Tanrı'nın insanlıkla ilk konuşması: Bitki yiyin!

Ve Allah dedi: İşte, bütün yeryüzünde tohum veren her otu ve tohum veren bir ağaçtan meyve veren her ağacı size verdim; – sen [bu] yiyecek olacaksın. (Yaratılış 1:29) Tevrat'a göre Tanrı'nın Adem ve Havva ile ilk konuşmasında insanlardan vejeteryan olmalarını istemiş olmasında hiçbir çelişki yoktur.

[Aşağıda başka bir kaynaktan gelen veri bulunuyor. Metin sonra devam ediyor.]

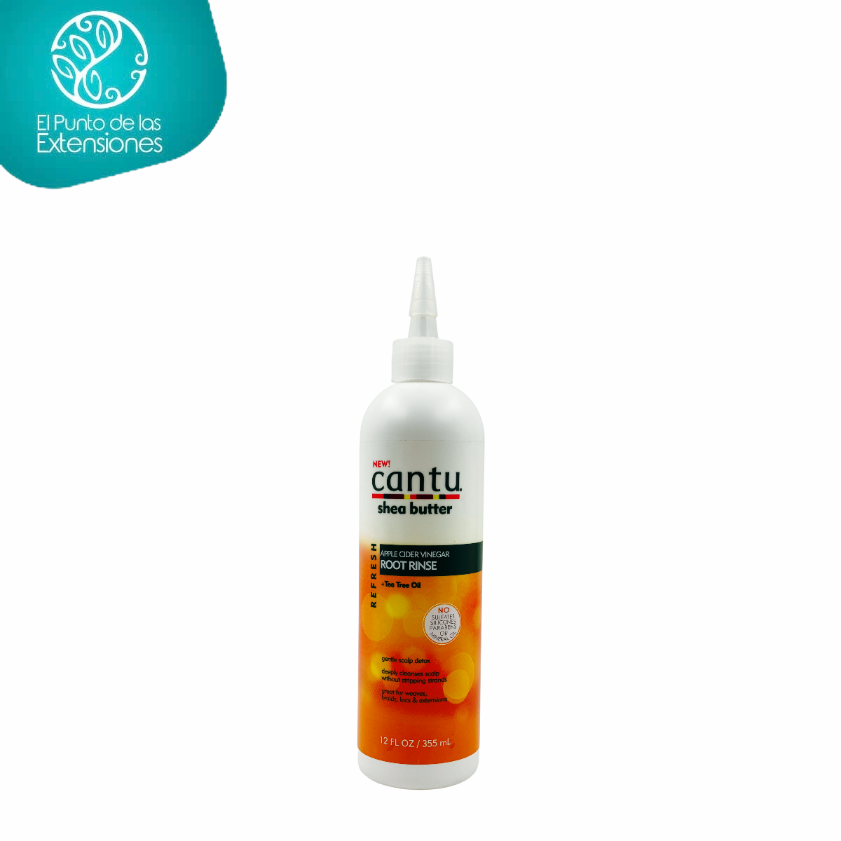 El enjuague de raíz de Cantu reemplaza el champú cuando es necesaria una limpieza desintoxicación en la piel cabelluda. Limpia la acumulación e impurezas dejando el cabello fuerte, saludable y con brillo. Ideal para cabellos tejidos, con trenzas, dreads (rastas) o extensiones. Elaborado con ingredientes naturales como vinagre de sidra de manzana para equilibrar el pH de la piel cabelluda sellando la cutícula y combatiendo la caspa, aceite de árbol de té para prevenir infecciones que conllevan a la pérdida del cabello gracias a los componentes activos de terpenoides y aceites esenciales y manteca de karité pura para hidratar profundamente y proteger el cabello de daños causados en procesos químicos. Su fórmula sin parabenos, siliconas, ftalatos, gluten, parafina, sulfatos ni aceites minerales protegen el cabello de futuros daños. Producto cruelty free, no testado en animales.

Aslında Allah insanlara hayvanlar üzerinde “egemenlik” verdikten hemen sonra bazı talimatlar vermiştir. “Hâkimiyet”in yemek için öldürmek anlamına gelmediği açıktır.

13. yüzyılın büyük Yahudi filozofu Nachmanides, Tanrı'nın eti ideal beslenme düzeninden neden dışladığını açıkladı: "Canlılar," diye yazıyor Nachmanides, "onları zeka sahibi (insan) olanlara benzer kılan bir ruha ve belirli bir ruhsal üstünlüğe sahiptirler. kendi esenliklerini ve yiyeceklerini etkileme gücüne sahiptirler ve acıdan ve ölümden kurtulurlar.”

Bir başka büyük ortaçağ bilgesi, Haham Yosef Albo, başka bir neden sundu. Haham Albo şunları yazdı: “Hayvanların öldürülmesi gaddarlığı, öfkeyi ve masumların kanının dökülmesine alışmayı ima eder.”

Beslenmeyle ilgili talimatların hemen ardından, Tanrı emeklerinin sonuçlarına baktı ve bunun “çok iyi” olduğunu gördü (Yaratılış 1:31). Evrendeki her şey Tanrı'nın istediği gibiydi, hiçbir şey gereksiz, hiçbir şey eksik, tam bir uyum içindeydi. Vejetaryenlik de bu uyumun bir parçasıydı.

Bugün, en ünlü hahamlardan bazıları, Tevrat ideallerine uygun olarak vejeteryanlardır. Artı, vejeteryan olmak koşer yemek yemenin en kolay yoludur.